Aim of the exercise: Look below for the line with "Грибы и ягоды." and the line with "其中在包工包料而且材料單獨結(jié)算的情況下,可設置單獨的材料費。". Copy exactly those two lines and every line between, but not the pictures.

Input for this task:
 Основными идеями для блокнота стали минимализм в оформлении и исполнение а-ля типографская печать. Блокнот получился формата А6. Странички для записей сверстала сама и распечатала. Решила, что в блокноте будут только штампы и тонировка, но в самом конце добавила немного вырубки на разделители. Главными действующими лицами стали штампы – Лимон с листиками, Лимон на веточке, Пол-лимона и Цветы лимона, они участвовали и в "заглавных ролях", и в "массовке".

...

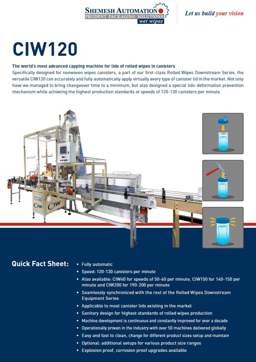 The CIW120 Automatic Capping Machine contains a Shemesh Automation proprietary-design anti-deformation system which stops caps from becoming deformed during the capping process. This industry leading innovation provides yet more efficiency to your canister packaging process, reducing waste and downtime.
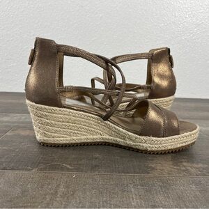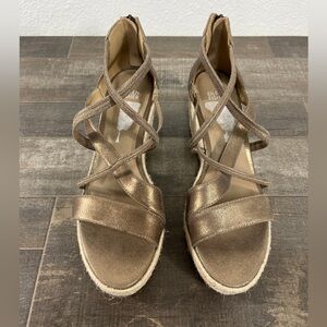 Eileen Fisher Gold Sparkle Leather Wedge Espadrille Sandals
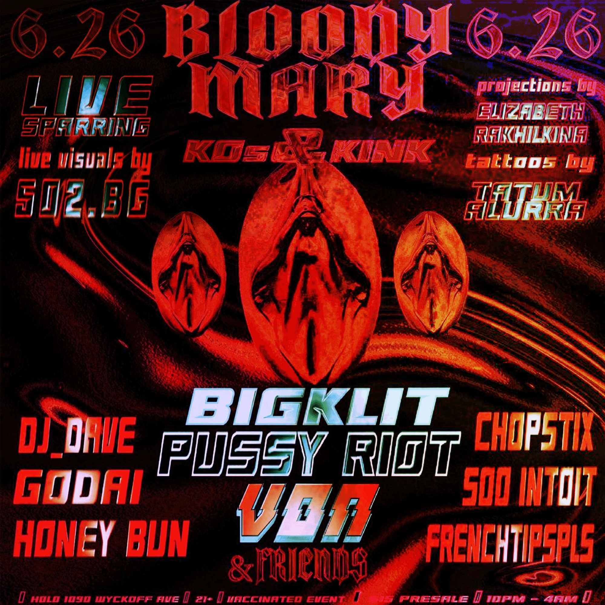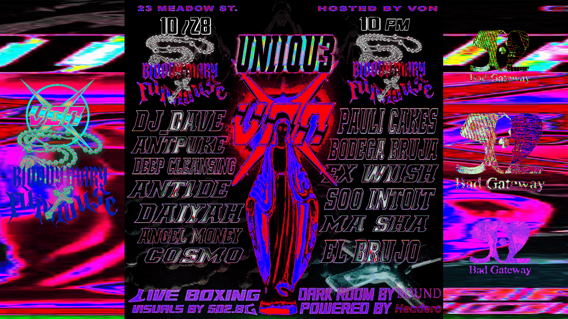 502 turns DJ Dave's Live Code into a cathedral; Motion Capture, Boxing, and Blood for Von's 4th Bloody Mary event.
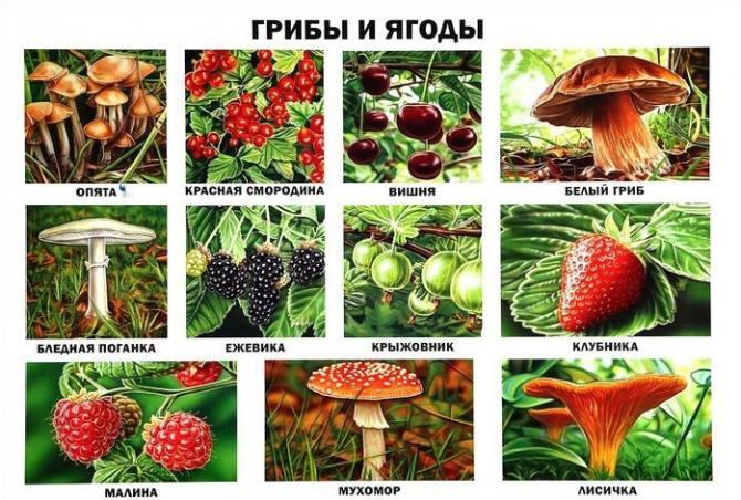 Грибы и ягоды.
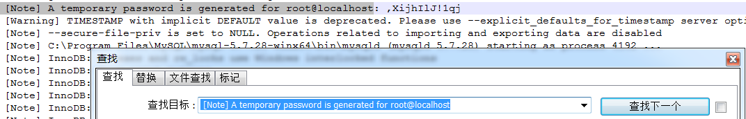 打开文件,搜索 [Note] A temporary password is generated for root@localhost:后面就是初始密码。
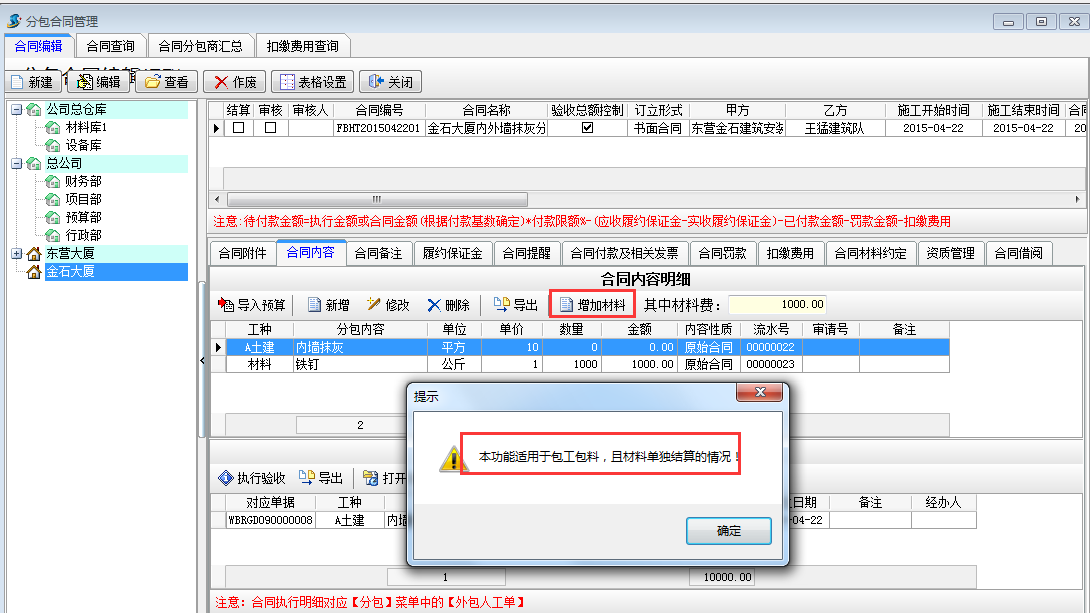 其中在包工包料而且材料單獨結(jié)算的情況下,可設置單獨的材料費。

--

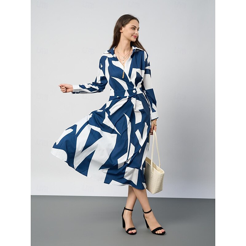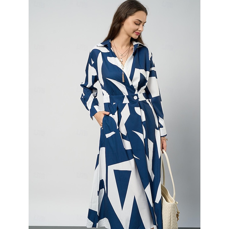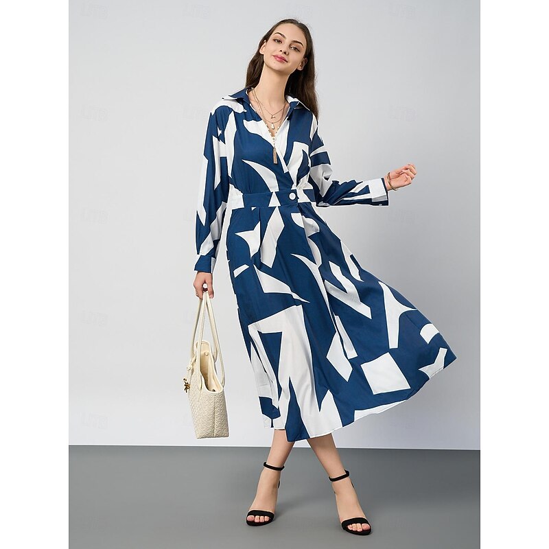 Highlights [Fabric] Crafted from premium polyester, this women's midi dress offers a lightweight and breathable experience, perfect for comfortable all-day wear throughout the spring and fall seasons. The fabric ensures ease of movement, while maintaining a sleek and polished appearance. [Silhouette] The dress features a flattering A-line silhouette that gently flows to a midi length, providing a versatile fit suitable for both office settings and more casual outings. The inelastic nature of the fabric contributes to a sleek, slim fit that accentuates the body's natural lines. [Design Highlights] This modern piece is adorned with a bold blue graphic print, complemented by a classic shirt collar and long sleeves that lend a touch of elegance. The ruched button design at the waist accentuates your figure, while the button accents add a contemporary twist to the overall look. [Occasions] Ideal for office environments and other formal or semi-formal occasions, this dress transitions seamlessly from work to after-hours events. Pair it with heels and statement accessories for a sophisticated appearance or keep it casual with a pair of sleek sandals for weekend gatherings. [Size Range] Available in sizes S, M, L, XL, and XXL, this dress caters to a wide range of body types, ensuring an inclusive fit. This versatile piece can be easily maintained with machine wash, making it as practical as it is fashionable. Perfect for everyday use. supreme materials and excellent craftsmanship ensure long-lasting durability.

Reply:
 Грибы и ягоды.
 打开文件,搜索 [Note] A temporary password is generated for root@localhost:后面就是初始密码。
 其中在包工包料而且材料單獨結(jié)算的情況下,可設置單獨的材料費。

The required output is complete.